What you need to do.
Repeat the lines below exactly as written, please, from the line with "1:56 scale for" to the line with "BASICPOWER - القوة", both lines included, and no others.

Given entries.
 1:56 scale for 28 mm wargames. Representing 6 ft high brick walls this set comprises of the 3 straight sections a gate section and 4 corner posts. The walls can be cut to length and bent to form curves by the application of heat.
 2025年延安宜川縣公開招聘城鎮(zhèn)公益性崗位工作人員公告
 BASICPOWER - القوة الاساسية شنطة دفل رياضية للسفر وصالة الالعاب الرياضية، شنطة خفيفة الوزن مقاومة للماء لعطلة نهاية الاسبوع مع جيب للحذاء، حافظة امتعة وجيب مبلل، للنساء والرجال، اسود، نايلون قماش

--

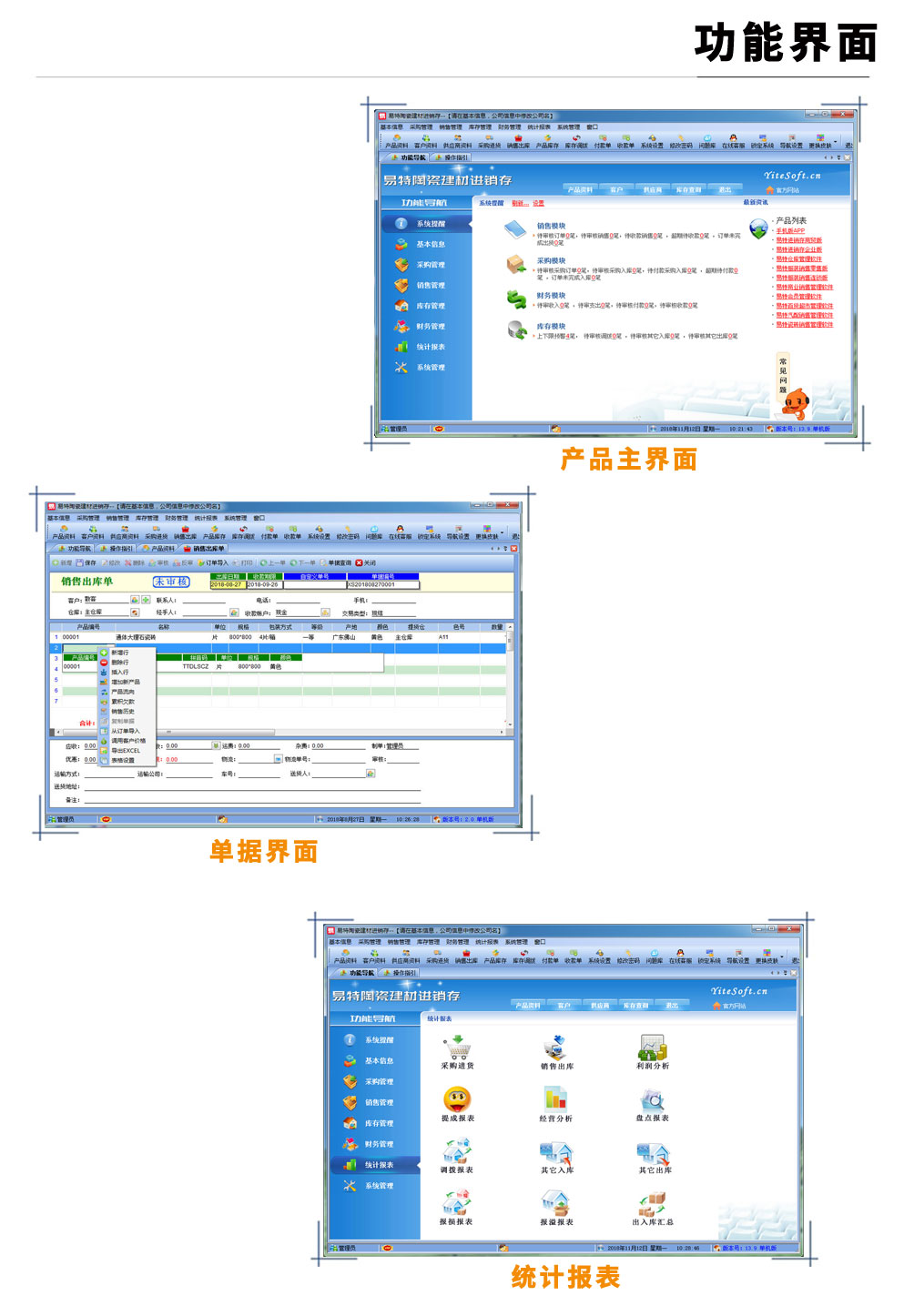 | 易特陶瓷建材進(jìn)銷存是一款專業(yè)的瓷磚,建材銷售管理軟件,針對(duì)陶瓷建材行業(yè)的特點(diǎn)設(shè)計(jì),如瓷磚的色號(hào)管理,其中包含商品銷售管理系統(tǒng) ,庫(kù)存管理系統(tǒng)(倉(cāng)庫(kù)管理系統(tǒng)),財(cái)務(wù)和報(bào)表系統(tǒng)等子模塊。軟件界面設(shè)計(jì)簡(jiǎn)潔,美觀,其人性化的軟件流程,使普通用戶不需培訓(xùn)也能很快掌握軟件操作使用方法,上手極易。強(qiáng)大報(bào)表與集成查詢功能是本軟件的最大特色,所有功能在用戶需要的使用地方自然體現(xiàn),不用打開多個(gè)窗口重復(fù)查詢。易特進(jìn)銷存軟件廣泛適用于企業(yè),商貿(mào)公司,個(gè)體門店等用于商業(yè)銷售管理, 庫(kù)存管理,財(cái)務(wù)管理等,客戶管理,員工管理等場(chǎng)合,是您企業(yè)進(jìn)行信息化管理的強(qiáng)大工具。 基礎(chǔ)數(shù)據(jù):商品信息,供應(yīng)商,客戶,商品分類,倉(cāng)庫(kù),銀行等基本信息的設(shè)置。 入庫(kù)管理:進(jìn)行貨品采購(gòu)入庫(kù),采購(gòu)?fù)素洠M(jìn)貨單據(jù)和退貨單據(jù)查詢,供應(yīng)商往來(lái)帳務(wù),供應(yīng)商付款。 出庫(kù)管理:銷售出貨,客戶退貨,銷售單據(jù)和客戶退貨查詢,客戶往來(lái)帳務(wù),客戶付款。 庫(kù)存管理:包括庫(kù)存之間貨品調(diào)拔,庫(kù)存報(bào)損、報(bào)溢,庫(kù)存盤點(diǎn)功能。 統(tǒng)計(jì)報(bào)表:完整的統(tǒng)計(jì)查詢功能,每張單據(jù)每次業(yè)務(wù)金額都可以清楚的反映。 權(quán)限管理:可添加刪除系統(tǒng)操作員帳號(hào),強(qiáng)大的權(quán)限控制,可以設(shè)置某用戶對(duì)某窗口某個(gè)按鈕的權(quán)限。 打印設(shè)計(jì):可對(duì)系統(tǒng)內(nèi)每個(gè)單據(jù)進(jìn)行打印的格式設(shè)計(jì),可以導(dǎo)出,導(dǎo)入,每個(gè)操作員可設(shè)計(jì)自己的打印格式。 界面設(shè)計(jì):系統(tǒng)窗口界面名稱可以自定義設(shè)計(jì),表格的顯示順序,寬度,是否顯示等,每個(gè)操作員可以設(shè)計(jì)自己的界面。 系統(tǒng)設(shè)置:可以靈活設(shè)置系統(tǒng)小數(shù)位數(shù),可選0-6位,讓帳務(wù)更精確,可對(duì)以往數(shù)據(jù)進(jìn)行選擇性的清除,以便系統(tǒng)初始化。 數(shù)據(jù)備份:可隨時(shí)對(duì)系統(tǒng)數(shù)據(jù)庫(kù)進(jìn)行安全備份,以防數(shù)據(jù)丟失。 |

...

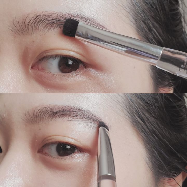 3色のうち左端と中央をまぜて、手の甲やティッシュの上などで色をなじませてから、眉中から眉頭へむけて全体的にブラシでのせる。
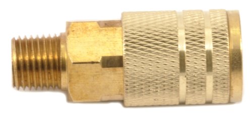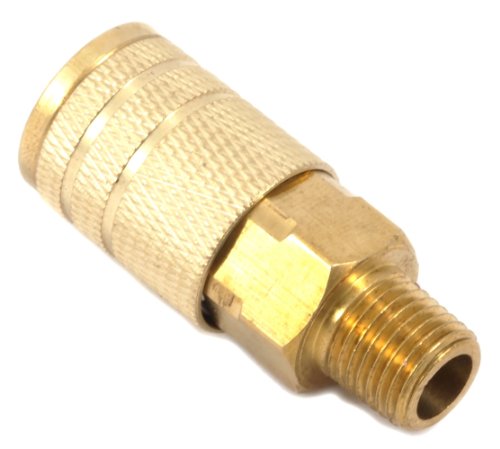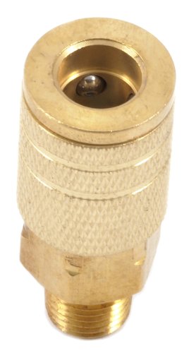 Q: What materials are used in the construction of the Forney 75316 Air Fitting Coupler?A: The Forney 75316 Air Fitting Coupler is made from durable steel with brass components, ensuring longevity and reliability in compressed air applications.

Finished exercise.
 1:56 scale for 28 mm wargames. Representing 6 ft high brick walls this set comprises of the 3 straight sections a gate section and 4 corner posts. The walls can be cut to length and bent to form curves by the application of heat.
 2025年延安宜川縣公開招聘城鎮(zhèn)公益性崗位工作人員公告
 BASICPOWER - القوة الاساسية شنطة دفل رياضية للسفر وصالة الالعاب الرياضية، شنطة خفيفة الوزن مقاومة للماء لعطلة نهاية الاسبوع مع جيب للحذاء، حافظة امتعة وجيب مبلل، للنساء والرجال، اسود، نايلون قماش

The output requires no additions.